# [WHAT THIS TASK INVOLVES]
Starting at the line that holds "Some Glimpses of" and stopping at the line that holds "UQ St Lucia", restate the records below word for word, with both of those lines included.

# [MATERIAL FOR THE TASK]
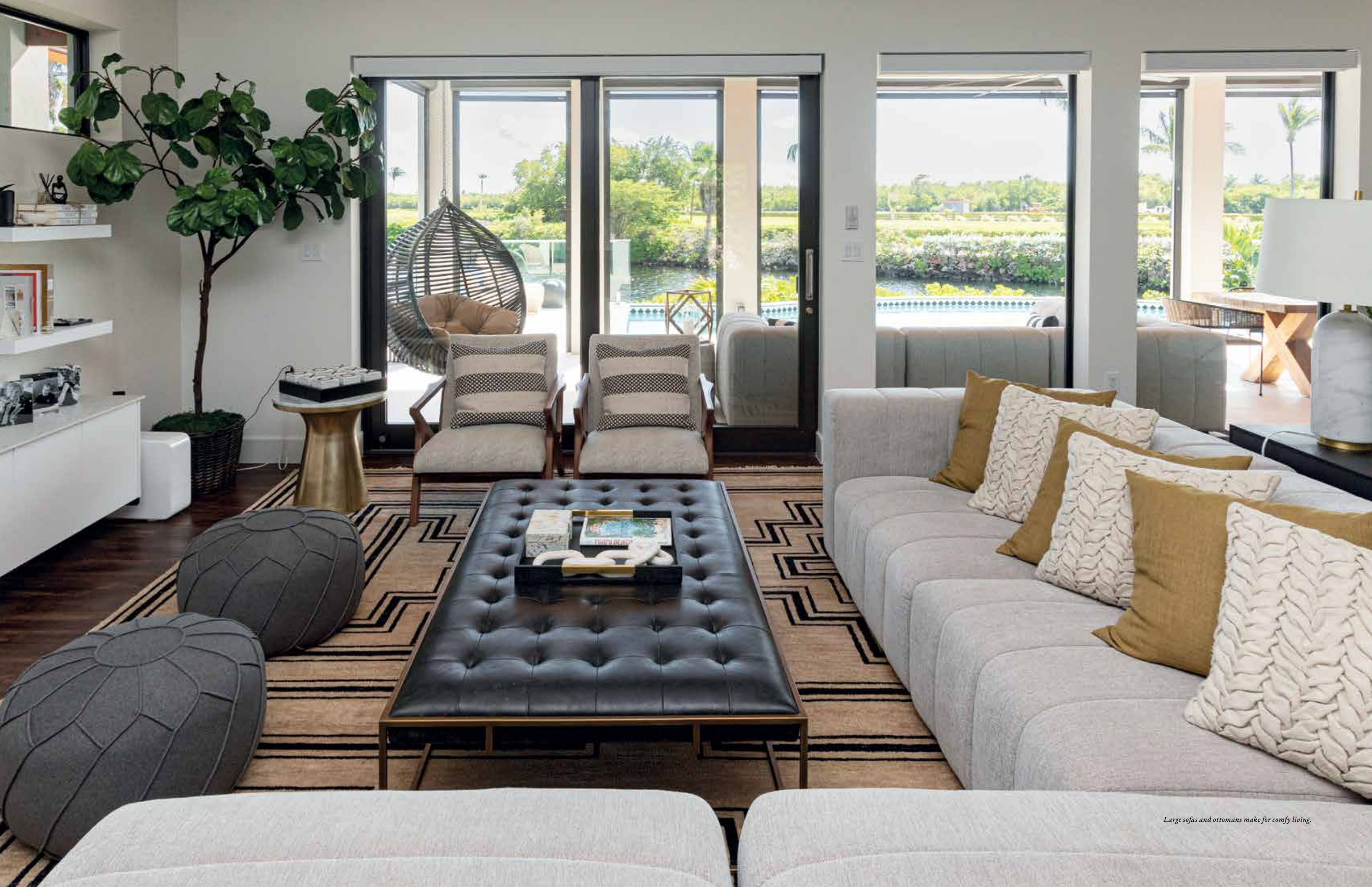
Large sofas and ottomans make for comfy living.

--

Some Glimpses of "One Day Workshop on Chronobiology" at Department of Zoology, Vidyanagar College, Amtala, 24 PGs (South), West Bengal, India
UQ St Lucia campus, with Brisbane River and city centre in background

# [RESULT]
Some Glimpses of "One Day Workshop on Chronobiology" at Department of Zoology, Vidyanagar College, Amtala, 24 PGs (South), West Bengal, India
UQ St Lucia campus, with Brisbane River and city centre in background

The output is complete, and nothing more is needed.